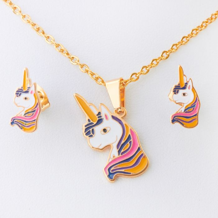 Komplet biżuterii z jednorożcem ze stali chirurgicznej w kolorze złotym 45cm
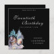 Um belo e elegante convite de aniversário para adultos em preto e branco com conchas e corais pintados à mão numa praia arenosa. Personalizável para qualquer marco de aniversário
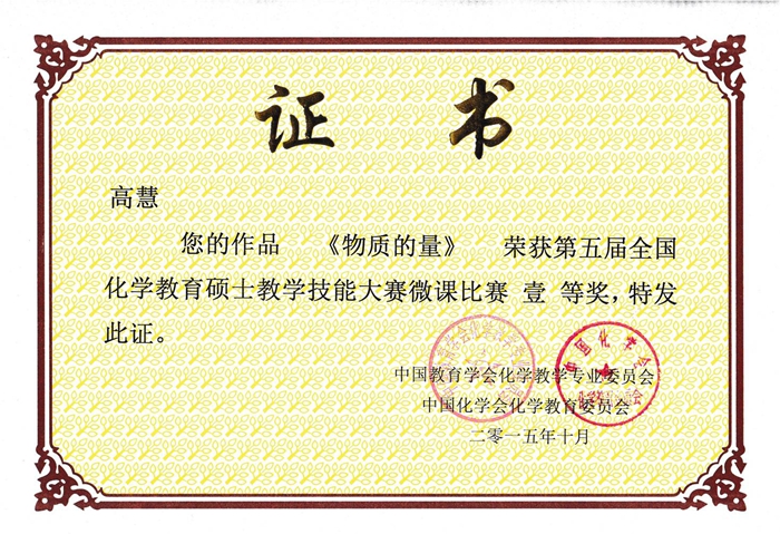 化学教育专业多位研究生获奖,高慧、毛永舜获得了第五届全国教育硕士教学技能大赛微课比赛一等奖,程思源、叶舒妍、刘欢、蒙文英、马育谷获二等奖,鲁春梅获三等奖。
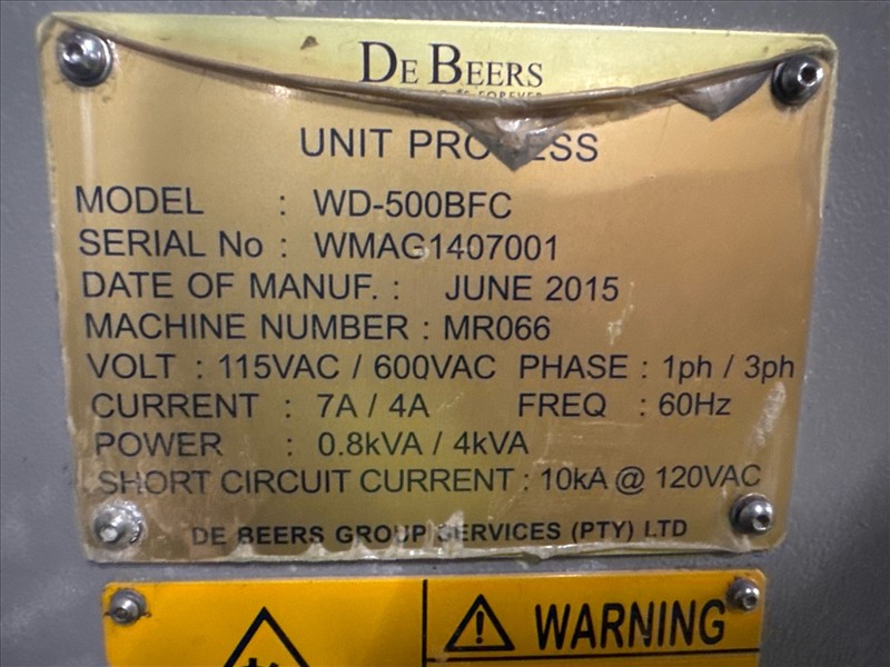 DeBeers 'Fines No. 1 Prim' magnetic separator, mod. WD-500BFC, ser. no. WMAG1407001 (2015), 1.5 hp c/w DeBeers pneumatic/water cooling panel
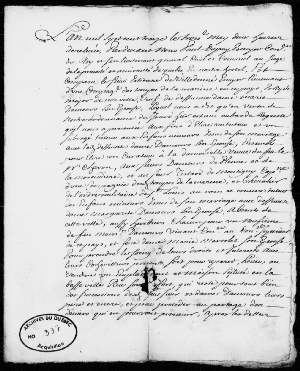 Procès-verbal de la nomination d'un tuteur pour les enfants mineurs d'Étienne de Villedonné et de Marie Damours, et d'un curateur pour les autres héritiers majeurs et absents de la succession Damours, ledit Étienne de Villedonné étant nommé tuteur et curateur, 3 mai 1713, Archives nationales à Québec, Fonds Prévôté de Québec, (03Q,TL1,S11,SS2,D337).
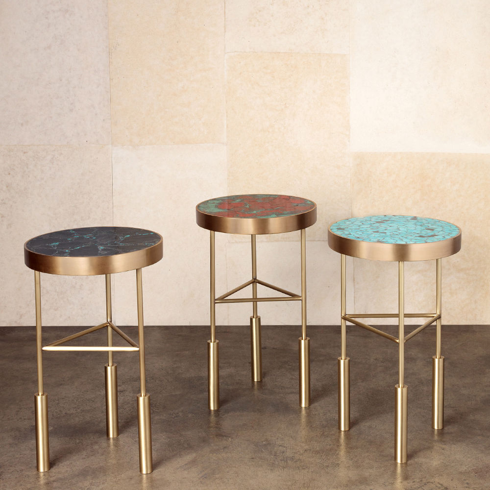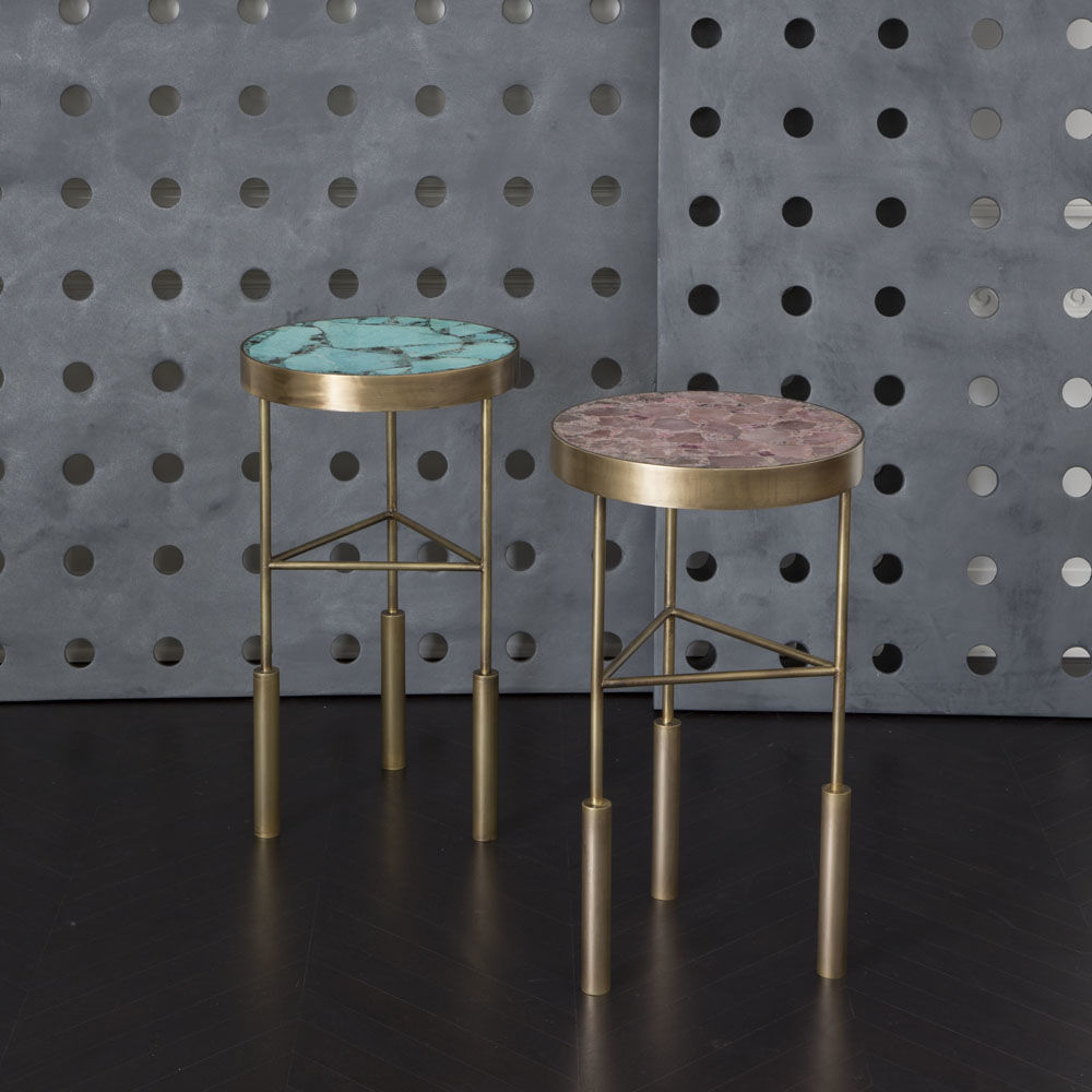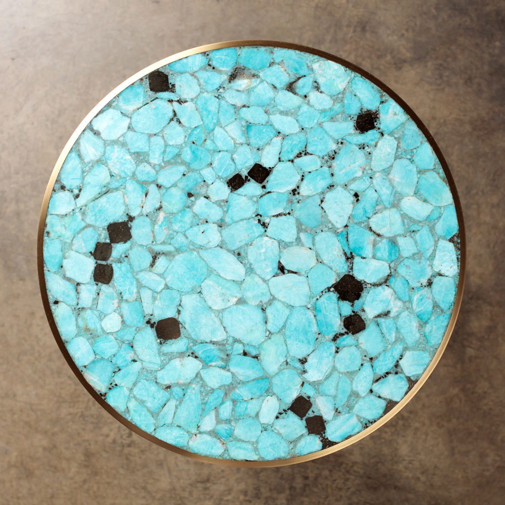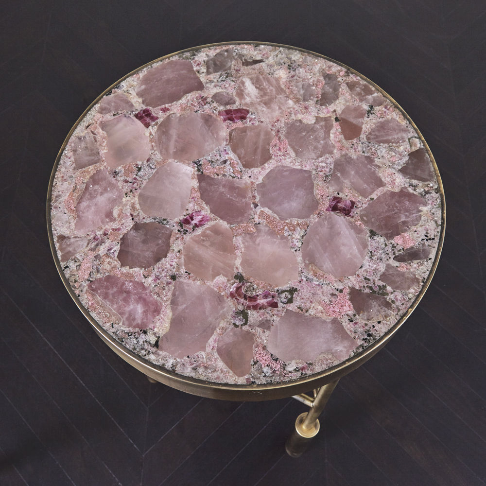 Sedona Side Table(塞多纳边几)有一系列镶嵌和抛光的半宝石,如玫瑰石英的菱锰矿,以及抛光黄铜框架的绿松石云母板岩。 每件作品都是独一无二。
=======
> **Activity**: From the line containing "化学教育专业多位研究生获奖,高慧、毛永舜" down to the end of the listing above, every line is to be returned exactly, though the pictures are not.

> **Final answer**:
 化学教育专业多位研究生获奖,高慧、毛永舜获得了第五届全国教育硕士教学技能大赛微课比赛一等奖,程思源、叶舒妍、刘欢、蒙文英、马育谷获二等奖,鲁春梅获三等奖。
 DeBeers 'Fines No. 1 Prim' magnetic separator, mod. WD-500BFC, ser. no. WMAG1407001 (2015), 1.5 hp c/w DeBeers pneumatic/water cooling panel
 Procès-verbal de la nomination d'un tuteur pour les enfants mineurs d'Étienne de Villedonné et de Marie Damours, et d'un curateur pour les autres héritiers majeurs et absents de la succession Damours, ledit Étienne de Villedonné étant nommé tuteur et curateur, 3 mai 1713, Archives nationales à Québec, Fonds Prévôté de Québec, (03Q,TL1,S11,SS2,D337).
 Sedona Side Table(塞多纳边几)有一系列镶嵌和抛光的半宝石,如玫瑰石英的菱锰矿,以及抛光黄铜框架的绿松石云母板岩。 每件作品都是独一无二。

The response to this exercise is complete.